→ Exercise
Omit the pictures and print exactly the lines of the listing below, starting at the first and ending at the line containing "В комплект входить: ковдра".

→ Given records
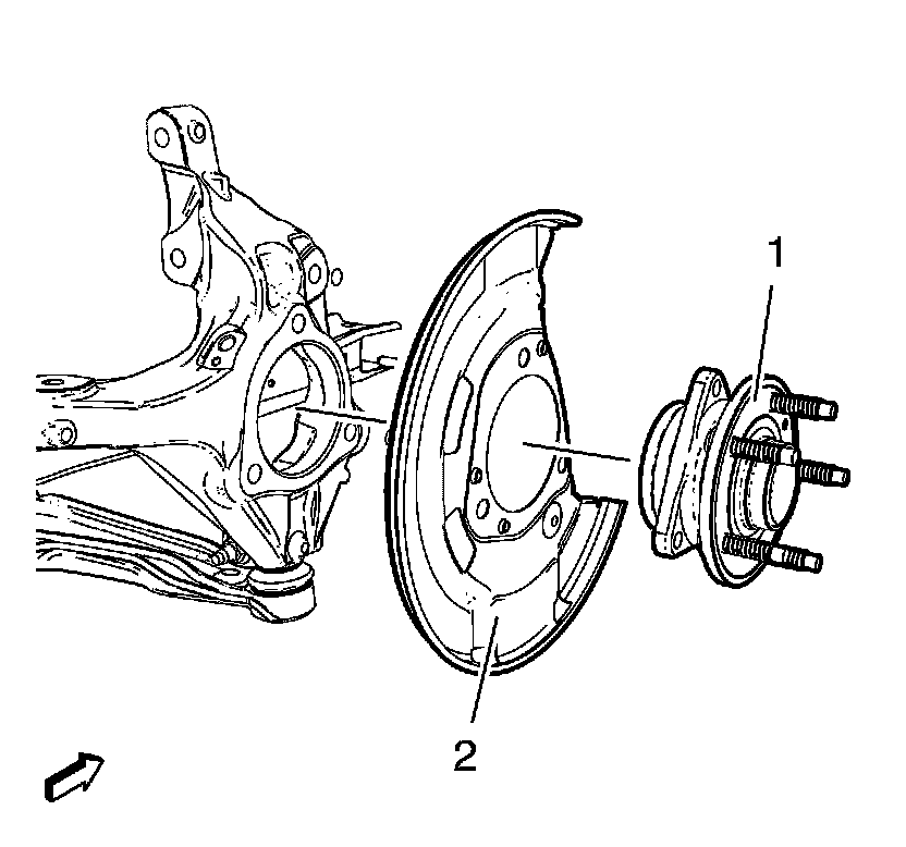 8. Remove the wheel bearing/hub (1) and front brake shield (2) from the steering knuckle.
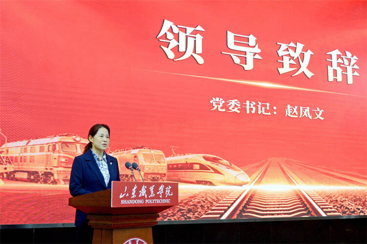 王新春、徐志平、赵凤文、郭培谦、郭鹏共同上台启动活动。启动仪式后,全场师生观看了由山东职业学院师生原创的话剧《詹天佑》,剧中展现的铁路报国情怀与匠心引发强烈共鸣。
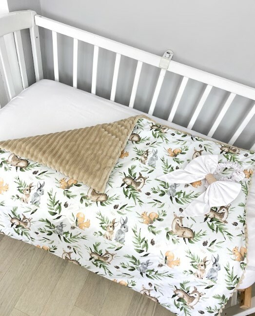 В комплект входить: ковдра з плюшем зі з'ємним утеплювачем (силікон 200 в чохлі) та бантик на резинці.
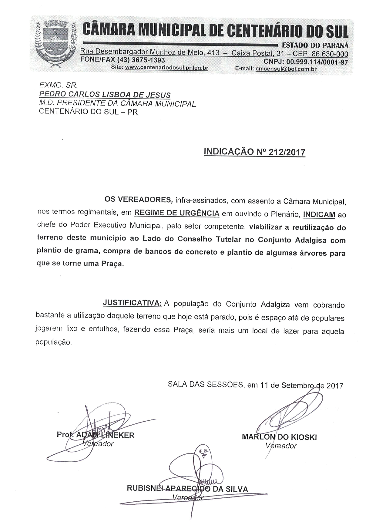 A população do Conjunto Adalgiza vem cobrando bastante a utilização daquele terreno que hoje está parado, pois é espaço até de populares jogarem lixo e entulhos, fazendo essa Praça, seria mais um local de lazer para aquela população.
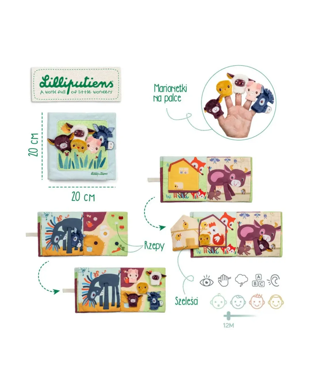 Lilliputiens - książeczka aktywizująca z mini-pacynkami Farma 12m+

→ Exercise answer
 8. Remove the wheel bearing/hub (1) and front brake shield (2) from the steering knuckle.
 王新春、徐志平、赵凤文、郭培谦、郭鹏共同上台启动活动。启动仪式后,全场师生观看了由山东职业学院师生原创的话剧《詹天佑》,剧中展现的铁路报国情怀与匠心引发强烈共鸣。
 В комплект входить: ковдра з плюшем зі з'ємним утеплювачем (силікон 200 в чохлі) та бантик на резинці.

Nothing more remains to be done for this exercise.